Gareth Holsgrove considers the merits of multiple-choice questions ("What is the right choice?", THES , May 4) and in particular the problems of negative scoring. But there is another method for dealing with random guesses.
Imagine a student knows the correct answer to M questions and randomly guesses the remaining 100-M answers for a test of 100 multiple-choice questions. The student's score on the test, S, will on average be S = M+(100-M)/5 for the case where each question has five branches (choices). To find the true number of correct answers we simply invert the expression to get M (S-20)x5/4. The value of M is recorded as the final, adjusted mark for the test.

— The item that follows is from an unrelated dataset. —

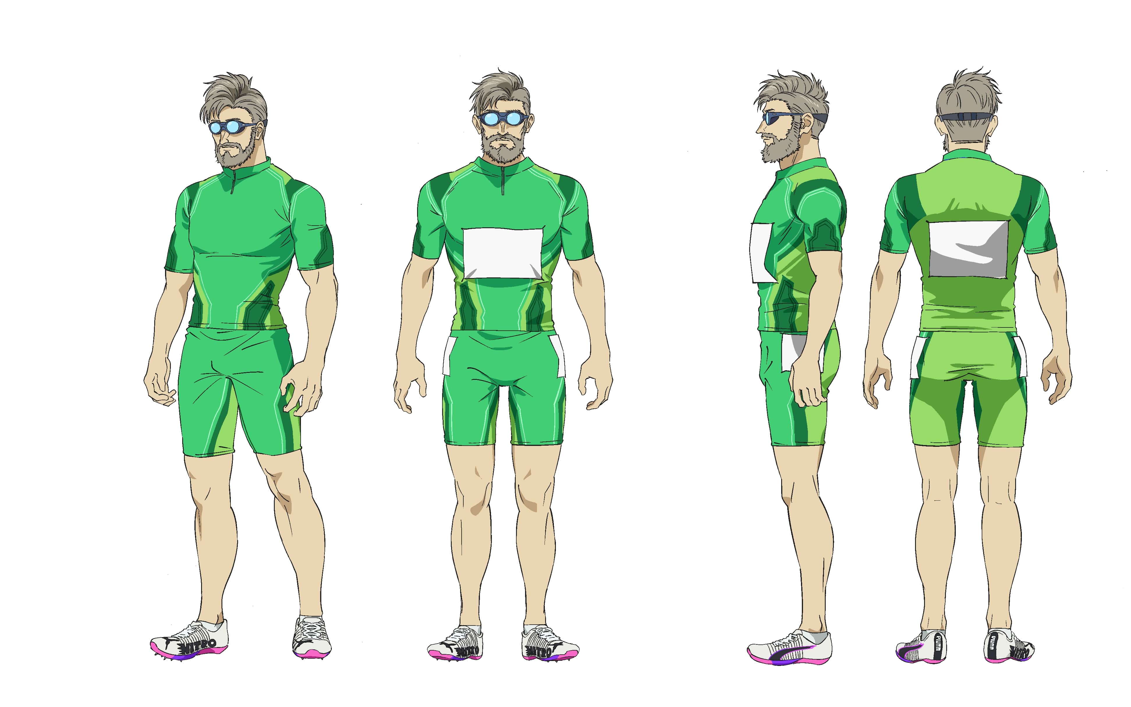 そして、原作・アニメファンの間でも絶大な人気を誇る、陸上界を牽引する財津と海棠について、「まるで世界全体を広く見渡している“神様”のような眼をしているキャラクターだな、というのが第一印象でした。一歩間違えると、死んだような眼になってしまうので、そうならないように気を付けました。」と財津というキャラクターの印象を話し、海棠に関して「サングラスや髭などとにかくディテールが多いので描くのは大変でした。また、髭がありつつも年齢的にはまだ若いので、年を取りすぎていない印象を残すよう心がけました。」と、制作上での苦労を明かしている。

Randomly guessing all answers leads to an adjusted mark of M=0 (on average) and correctly answering all questions gives an adjusted mark of M=100. In the middle regime, a student who knows the answers to 50 questions and randomly guesses the remainder will score S=60 (on average) and will be given an adjusted mark of M = (60-20)x5/4=50. Note that if the student uses partial knowledge to make educated guesses then the score will be higher than S = 60 and the adjusted mark will exceed M = 50.
The advantage of this sliding-subtraction method is that it encourages students to use their partial knowledge to make educated guesses and it gives a better indication of the students' complete knowledge and reasoning skills.